Derided by critics when first released, the 1980 romantic fantasy Somewhere in Time found its audience over the decades and this year celebrated its 45th anniversary. It’s based on the novel Bid Time Return by Richard Matheson, who also wrote the screenplay. A never handsomer Christopher Reeve stars as Richard Collier, a modern-day playwright who becomes obsessed with a portrait of an actress (Jane Seymour) from 1912. Earlier in his career, at an opening night party for one of his plays, an older woman approached him, handed him a gold pocket watch and said, “Come back to me.”
The film flashes forward eight years, with the now-successful Richard suffering from writer’s block. He decides to get away and ends up at the Grand Hotel on northern Michigan’s Mackinac Island. There he discovers the portrait of an unknown actress and sets out to find out about her. With the help of a kind clerk (Bill Erwin) at the hotel he discovers the woman’s name was Elise McKenna.

Richard visits her former residence and her one-time housekeeper Laura (Teresa Wright), resistant at first, tells him all about Elise. While there, he finds a book about time travel written by Dr. Gerald Finney (George Voskovec), a college professor he once had. Tracking him down, Richard is told by Finney that time travel is possible through self-hypnosis. Richard dons an early 20th-century-styled suit, fills his pockets with vintage coins and the pocket watch, and proceeds to try to will himself to 1912. He eventually succeeds (wouldn’t have been much of a film if he hadn’t). Once there, he seeks out Elise and finds her by a lake. Her first words to him are “Is it you?”

They are interrupted by William Robinson (Christopher Plummer), Elise’s manager who keeps a tight reign on the popular actress. He immediately dislikes Richard and the connection he senses between the two. Richard and Elise spend a magical day together and both know they have found their other. Richard goes to see Elise in her play, and during her performance she goes off script to speak of the love she yearns for while looking directly at Richard in the audience. It’s a beautiful speech filled with longing. William lures Richard away from the play with an urgent note and has two thugs beat him and tie him up in a barn. The next day Richard escapes, only to learn the theatre company has moved on. Elise, deciding to stay back to search for Richard, reunites with him. Fate, however, has a final trick to play on the couple.

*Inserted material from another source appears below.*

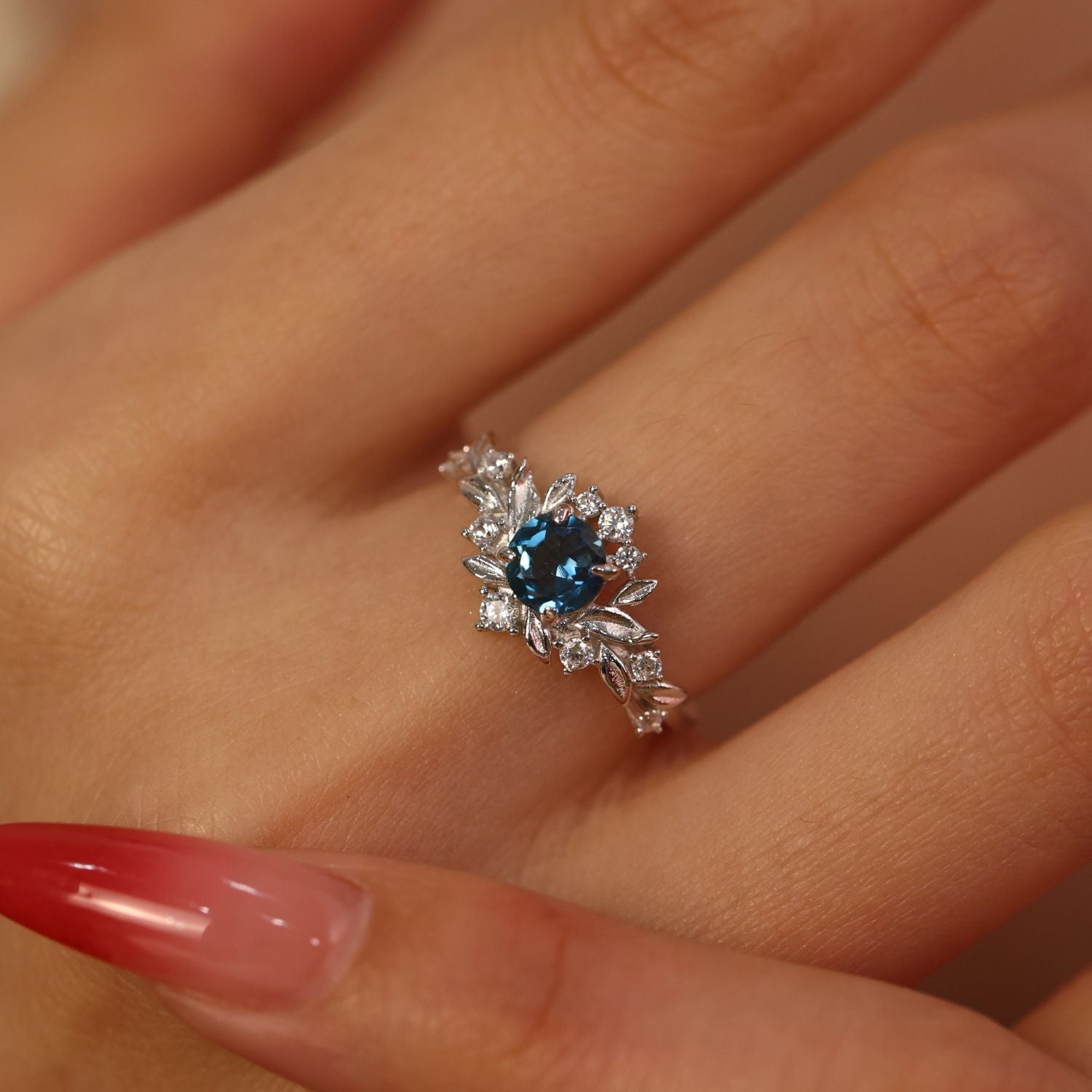 Awaken your spirit with this nature-inspired London blue topaz ring, capturing the magic of morning light and the beauty of blooming love. Designed for dreamers and romantics, this fantasy floral ring features a round London blue topaz nestled at the center, radiating depth and brilliance.

The response to the film might have been mixed initially, but over the years–and especially through video store sales and rentals (remember them?)–Somewhere in Time found its people. The story works because of the chemistry between Reeve and Seymour. It also taps into the very universal human search for true and lasting love. And the beautiful John Barry score, highlighted by Rachmaninoff’s “Rhapsody on a Theme of Paganini,” adds to the romance.
Fan gatherings are held every year at the breathtaking Grand Hotel, where the picture is screened, vintage attire is worn, and walking tours of the film’s locations are offered. The still-stunning Jane Seymour has attended some of them.